I am not stating that all people or political parties will commit election fraud. But if you read the news, and we are still about a month away from elections day, fraud is happening all over. Fresh ballots are found in bulk, completed ballots which favor of the Republican candidate have been ditched. What prevents me or any other 3,460,663 registered voters in the state of Minnesota to vote once by mail and a second time in person at a voting site on Election Day? And that is only considering Minnesota.

Election fraud has been around in the US for at least five decades.

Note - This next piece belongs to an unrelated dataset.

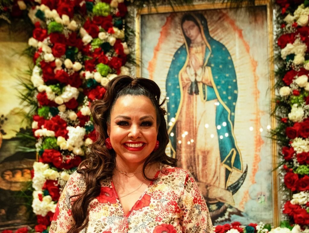 Una radiante Rosy Oros ante una imagen de Nuestra Señora de Guadalupe en la Catedral de Nuestra Señora de los Ángeles de Los Ángeles durante la celebración anual de “Las Mañanitas” el 11 y 12 de diciembre de 2023, en honor a la festividad de Nuestra Señora. La cantante atribuye su sanación de una infección mortal a la intercesión de Nuestra Señora de Guadalupe en 2018. (Foto OSV News/Victor Alemán, Angelus News)

We have never before seen so much fraud prior to Election Day. So what is going to happen Election Day? After the count of fraud ballots is completed, chances are that there are going to be more votes than registered voters. The elections might be dismissed and we will have to wait a few months or year before a mechanism is deployed (i.e., voter ID) to reduce (eliminate would be too much to hope for) fraud.

All of the turmoil to occur (i.e., riots, protests, looting, lack of groceries) will put the USA at a disadvantage to counter the push of China to dominate and enslave the world (including the USA). Who knows, we might have to buy all Chinese products from Chinese companies (bye bye Apple). We will be forced to work 996 (09:00 AM – 09:00 PM 6 days a week).

Please think before you vote. I personally want to maintain our way of life with some few changes to capitalism and democracy.

Sorry for the long introduction in this post, but I am very concerned about the mockery a group of people have made out of our electoral system. I love the USA and our founding values are being threatened by a few local and foreign interests.

I randomly picked up problem 351 from LeetCode named Count Negative Numbers in a Sorted Matrix.

Given a m * n matrix grid which is sorted in non-increasing order both row-wise and column-wise. 

Return the number of negative numbers in grid.

Constraints:

m == grid.length
n == grid[i].length
1 <= m, n <= 100
-100 <= grid[i][j] <= 100

In a nutshell we are given a matrix of integer values. The values in each row are ordered from high to low. Some rows may or may not contain negative values. The challenge if you wish to accept it, is to return the total number of negative values in the provided grid.

I might have missed something, so if interested, please read the requirements for this problem in the LeetCode site.

I will solve the problem using the Java programming language, using the VSCode IDE on a Windows 10 machine. In addition, for sake of learning something extra, I like to build my own test scaffolding.

class Solution {
    public int countNegatives(int[][] grid) {
        
    }
}

We need to develop the countNegatives() function which will count the number of negative integers in the provided grid.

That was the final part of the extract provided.